▶ Exercise description: Start at the line with "中共中央、国务院近日印发的《" and print every line through the end of the material below. Keep it exact and free of pictures.

▶ Data for this exercise:
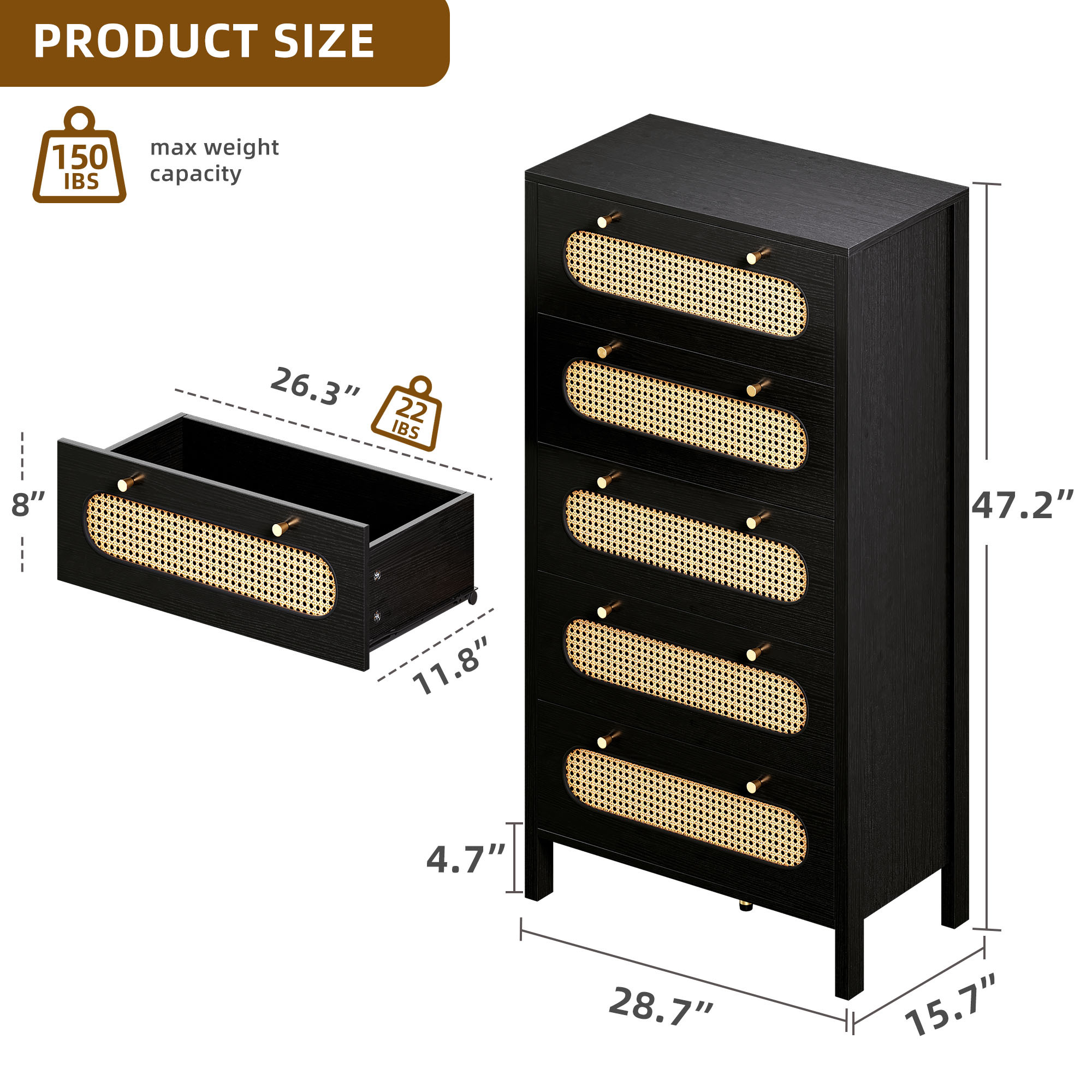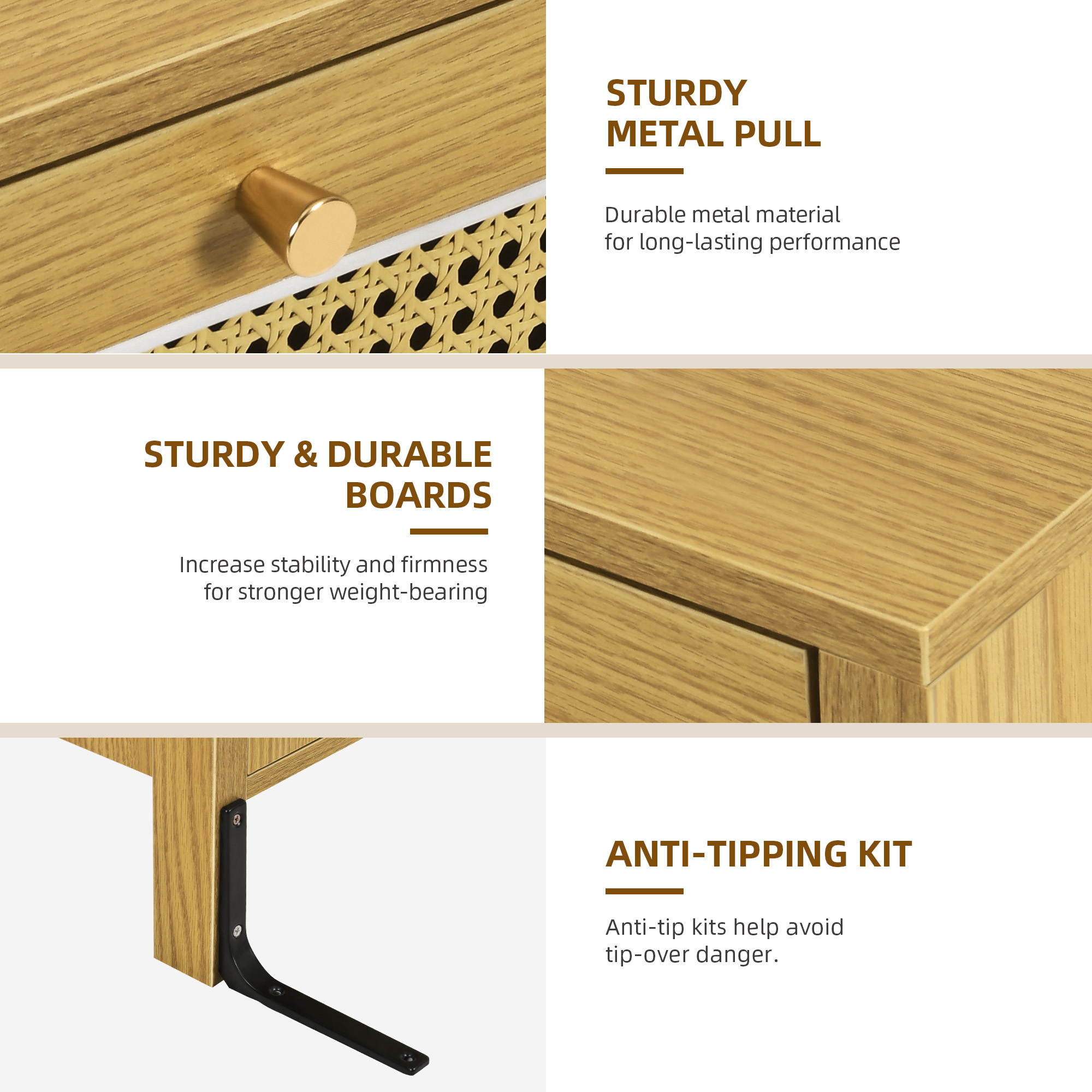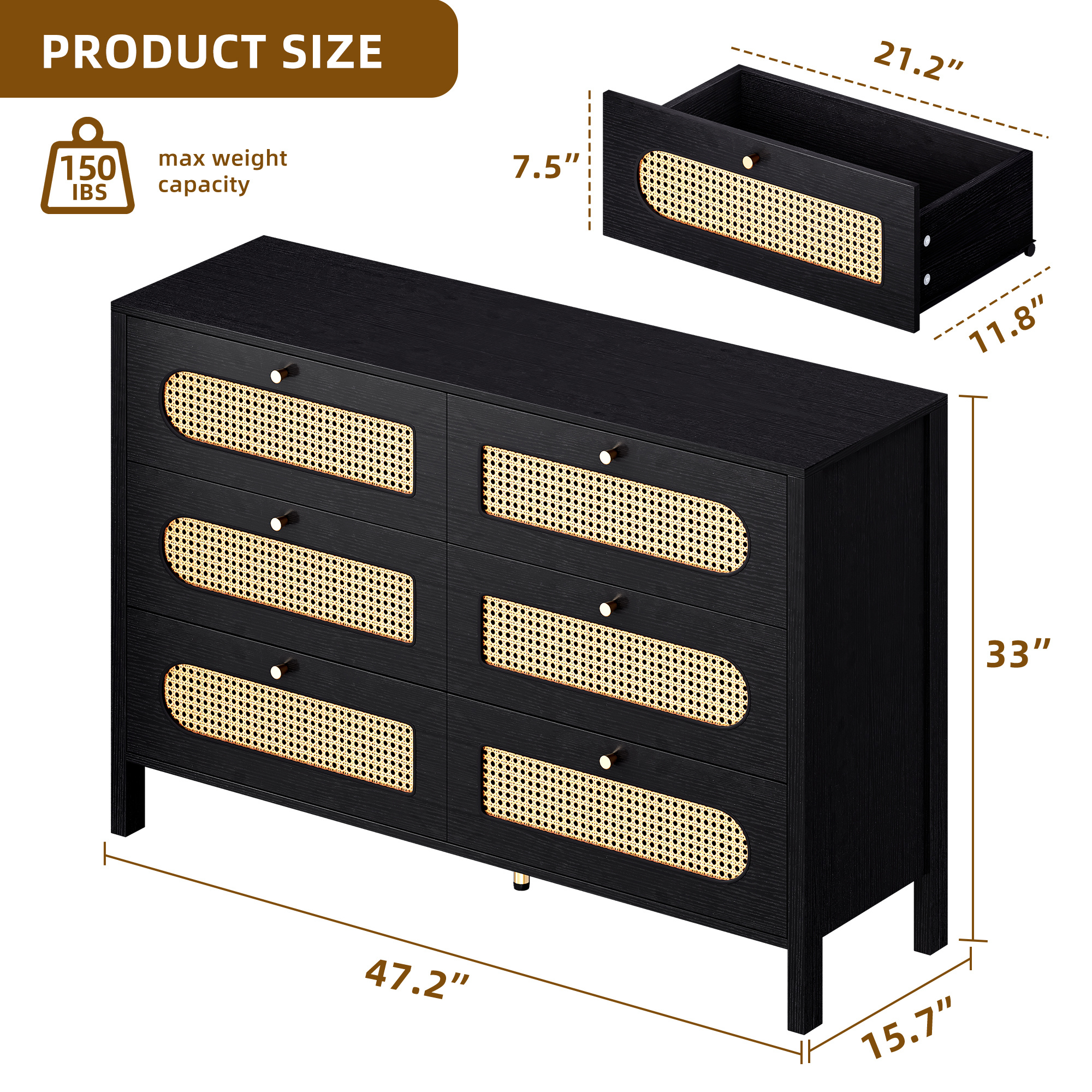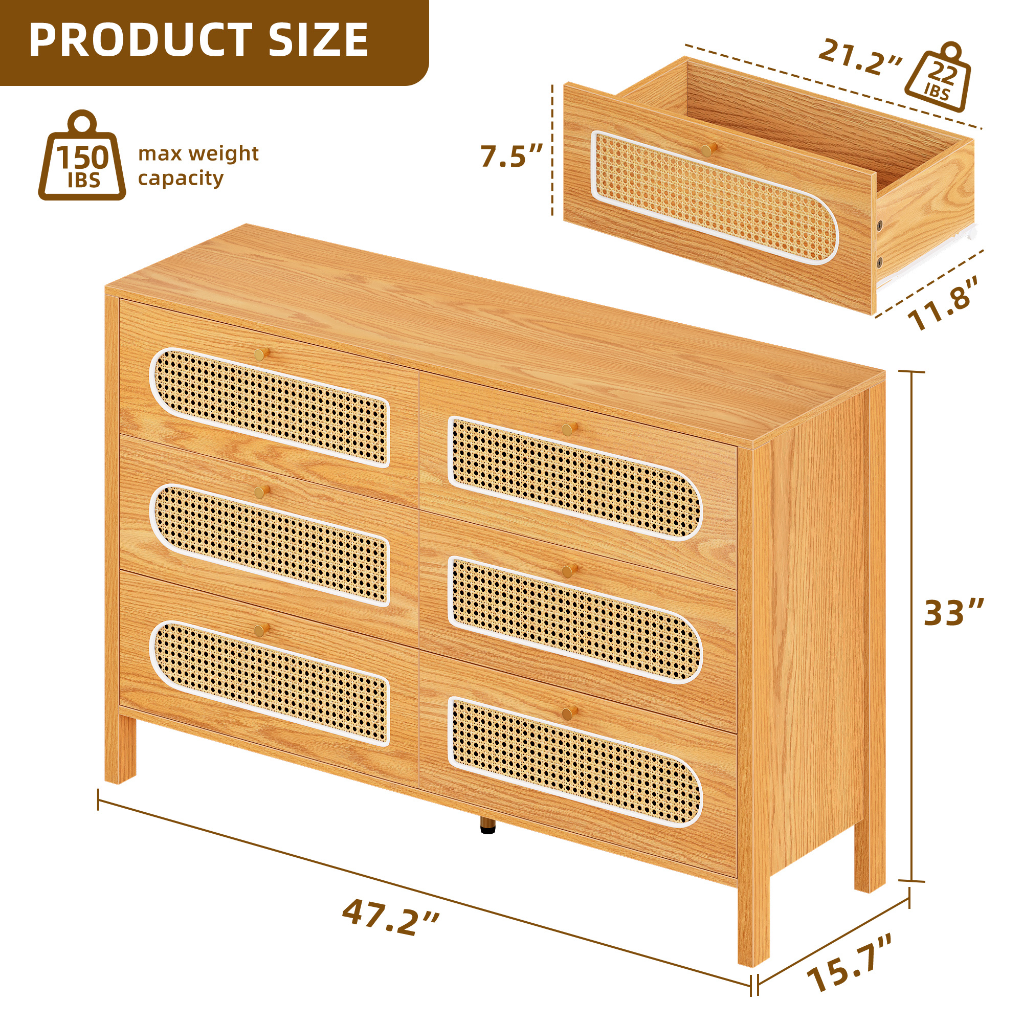 Wooden Rattan Dressers Chest of Drawers Closet Boho Storage Cabinet for Living Room/Hallway/Entryway/Bedroom Item Description: Features: The boho rattan dresser features a natural rattan weaving and golden handles, which enhance its visual appeal and create a warm, inviting atmosphere, making it suitable for various indoor styles. The breathable octagonal hollow rattan door adds a unique touch to the design, making it a versatile piece that can complement any decor. The rattan wood chest of drawer dresser comes with a paper version manual and accessories, providing step-by-step and numerical illustrations to guide users through the assembly process, alleviating any worries or concerns. The dresser's construction allows for easy assembly, ensuring a hassle-free experience for customers. The natural rattan material used in the dresser's construction allows for enhanced breathability, making it a practical and functional addition to any living space. Package Includes: 1 x Rattan Wooden Dresser 1x Installation Manual More Display: Shipping ● The shipping rates listed are only for residential or commercial destinations in the continental 48 United States. All international sales will go through eBay Global Shipping Program.please ask us if there are any questions. ● We only ship the item to the address that is sent to us at the time of checkout. Please verify the correct shipping address in your PayPal account before making your payment. If we ship your item to an old or invalid address and you are not able to locate the item, we are not responsible for shipping a replacement. ● Currently, we do not ship to Hawaii, Alaska, Puerto Rico,APO/FPO/PO Boxes. ● We use USPS, UPS & FedEx as shipping method. ● Payments cleared before 12 PM PST, will be shipped on the same day. Payment ● We accept PayPal and all forms of credit card. ● We will only ship to the confirmed Paypal shipping address given with the payment. ● We do not offer local pick up service. Return ● 30 days Money Back Guarantee. ● If any package that needs to be returned, please contact our customer service first to receive a RMA form. ● All return items MUST be in brand new condition. About Us ● Specialized in aftermarket auto parts since 2012, we source and work directly with professional manufacturers to provide the highest quality parts at the most economical prices. ● We also has over 5 years of shipping experience with FedEx and USPS . Our Packing Quality is Guaranteed , Item Ship-ping is timely! On Jun 16, 2023 at 05:48:44 PDT, seller added the following information: On Jan 14, 2025 at 20:11:16 PST, seller added the following information: On Feb 24, 2025 at 19:42:43 PST, seller added the following information:
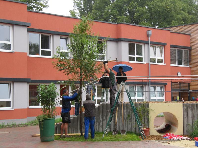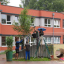 Gepflanzt wurden die Bäume vom Pflanzenhof Zöthen, wobei Anlieferung und Baumsetzen im Regen kostenlos waren! Herzlichen Dank dafür wie auch an die vielen Unterstützer_innen, die u.a. beim Spendenlauf Geld gegeben oder uns Materialien gespendet haben.
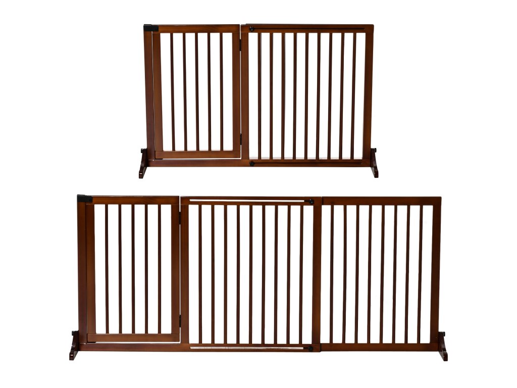 - VYSOCE KVALITNÍ MATERIÁL: Vyrobeno z odolného masivního borovicového dřeva s povrchovou úpravou hnědým lakem. Brána pro domácí mazlíčky je odolná a vhodná pro domácí mazlíčky. Hladký povrch poskytuje dodatečnou bezpečnost a udržuje vaše domácí mazlíčky bezpečně uzavřené, zatímco jste pryč.
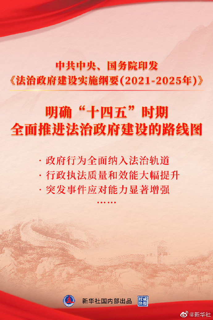 中共中央、国务院近日印发的《法治政府建设实施纲要(2021-2025年)》确立了今后五年法治政府建设的总体目标,明确到2025年,政府行为要全面纳入法治轨道。纲要还提出,着力实现行政执法水平普遍提升,努力让人民群众在每一个执法行为中都能看到风清气正、从每一项执法决定中都能感受到公平正义。(记者白阳,海报设计杨轶群)
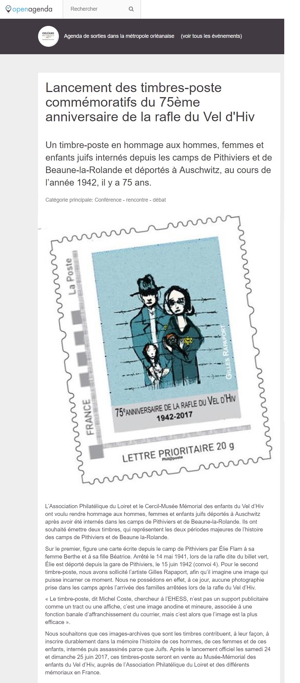 Lancement des timbres-poste commémoratifs du 75ème anniversaire de la rafle du Vel d’Hiv
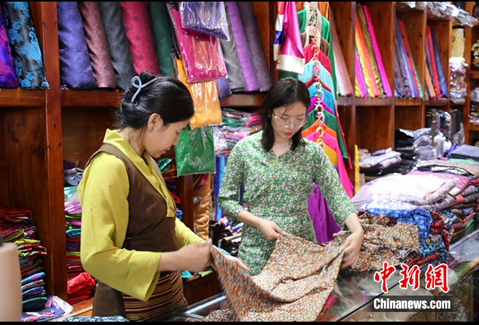 圖為7月20日,旦增卓瑪(右)和媽媽在位于八廓街的自家藏裝店內(nèi)。 中新社發(fā) 扎西旦增 攝
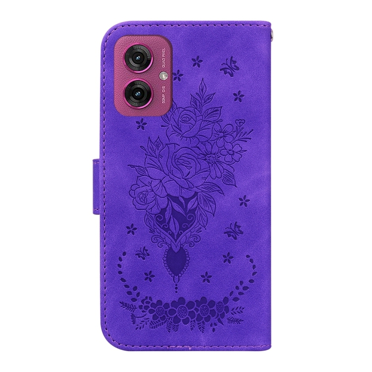 Funda de Cuero con Relieve Mariposa y Rosa para Motorola Moto G55 (Morado)
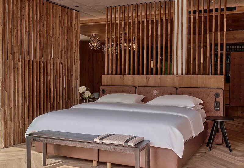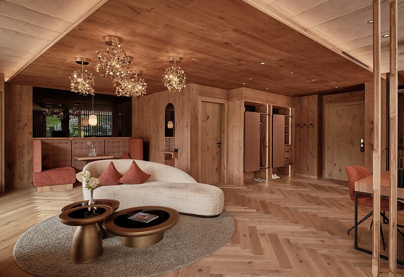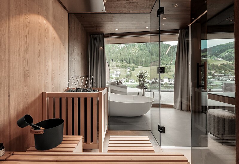 Hauptflügel / King Size Bett / Holzboden / Wohnbereich mit Sitzgelegenheit / Panoramafenster / offener Schrankraum / Klimaanlage / 1 Badezimmer mit Aqua Clean WC, freistehender Badewanne, Dusche & Wasch- und Schminktisch / Dyson Supersonic Föhn / Minibar-Erstbefüllung inklusive / Kaffeemaschine & SMEG Wasserkocher / finnische Sauna & 2 Infrarotliegen / weitflächige Loggia mit Sitz- und Liegemöglichkeit / Alpiner Garten
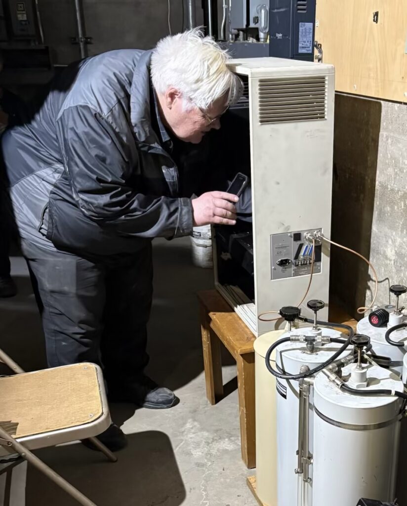 The old repeater on the Mayville elevator was becoming unreliable. It had been in operation since the late 1970’s. A new repeater was set up on the elevator no longer in used in Portland. This provided a higher elevation for the antenna and in a location were the club had good access. While club members accomplished the work, the master KC0SD had to finalize the setup.
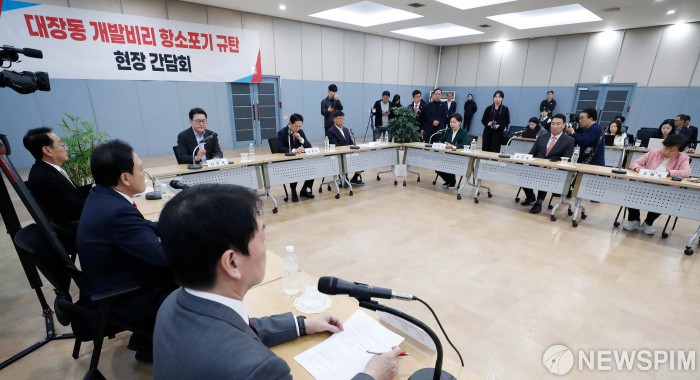 [성남=뉴스핌] 류기찬 기자 = 장동혁 국민의힘 대표와 국민의힘 의원들이 14일 오후 경기 성남시 분당구 성남도시개발공사에서 열린 ‘대장동 개발비리 항소포기 규탄 현장 간담회’에 참석하고 있다. 2025.11.14 ryuchan0925@newspim.com
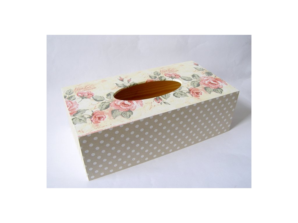 Krabice na papírové kapesníky - Růže a béžový puntík
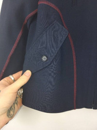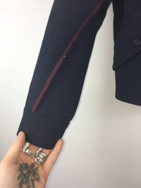 Yang Li Contrast-Seam Virgin Wool Harrington Jacket Size EU46 -Concealed zip fastenings at front -Collar, long sleeves with overlock seam detailing, two buttoned flap pockets at sides,patch pocket with flap at chest, two zip pockets at chest, contrasting over-locked seam detailing, fully lined -60% viscose, 40% virgin wool -Dry clean -Made in Italy Like new condition. Sold out!
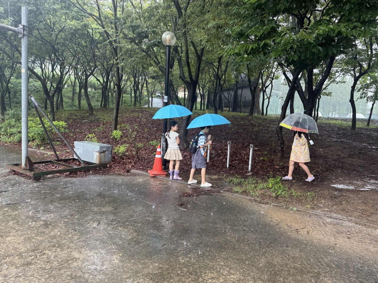 2025년 1학기 마지막 회차는 폭우 속에 진행되었습니다. 비가 신나는 친구도 있고, 비 맞는게 힘든 친구도 있었지만 미션을 수행하면서 회복되기도 합니다.
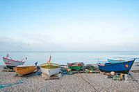 Zacht pastel kleurige lucht, een kalme zee en gekleurde boten op het strand in frankrijk.

▶ Written response:
 中共中央、国务院近日印发的《法治政府建设实施纲要(2021-2025年)》确立了今后五年法治政府建设的总体目标,明确到2025年,政府行为要全面纳入法治轨道。纲要还提出,着力实现行政执法水平普遍提升,努力让人民群众在每一个执法行为中都能看到风清气正、从每一项执法决定中都能感受到公平正义。(记者白阳,海报设计杨轶群)
 Lancement des timbres-poste commémoratifs du 75ème anniversaire de la rafle du Vel d’Hiv
 圖為7月20日,旦增卓瑪(右)和媽媽在位于八廓街的自家藏裝店內(nèi)。 中新社發(fā) 扎西旦增 攝
 Funda de Cuero con Relieve Mariposa y Rosa para Motorola Moto G55 (Morado)
 Hauptflügel / King Size Bett / Holzboden / Wohnbereich mit Sitzgelegenheit / Panoramafenster / offener Schrankraum / Klimaanlage / 1 Badezimmer mit Aqua Clean WC, freistehender Badewanne, Dusche & Wasch- und Schminktisch / Dyson Supersonic Föhn / Minibar-Erstbefüllung inklusive / Kaffeemaschine & SMEG Wasserkocher / finnische Sauna & 2 Infrarotliegen / weitflächige Loggia mit Sitz- und Liegemöglichkeit / Alpiner Garten
 The old repeater on the Mayville elevator was becoming unreliable. It had been in operation since the late 1970’s. A new repeater was set up on the elevator no longer in used in Portland. This provided a higher elevation for the antenna and in a location were the club had good access. While club members accomplished the work, the master KC0SD had to finalize the setup.
 [성남=뉴스핌] 류기찬 기자 = 장동혁 국민의힘 대표와 국민의힘 의원들이 14일 오후 경기 성남시 분당구 성남도시개발공사에서 열린 ‘대장동 개발비리 항소포기 규탄 현장 간담회’에 참석하고 있다. 2025.11.14 ryuchan0925@newspim.com
 Krabice na papírové kapesníky - Růže a béžový puntík
 Yang Li Contrast-Seam Virgin Wool Harrington Jacket Size EU46 -Concealed zip fastenings at front -Collar, long sleeves with overlock seam detailing, two buttoned flap pockets at sides,patch pocket with flap at chest, two zip pockets at chest, contrasting over-locked seam detailing, fully lined -60% viscose, 40% virgin wool -Dry clean -Made in Italy Like new condition. Sold out!
 2025년 1학기 마지막 회차는 폭우 속에 진행되었습니다. 비가 신나는 친구도 있고, 비 맞는게 힘든 친구도 있었지만 미션을 수행하면서 회복되기도 합니다.
 Zacht pastel kleurige lucht, een kalme zee en gekleurde boten op het strand in frankrijk.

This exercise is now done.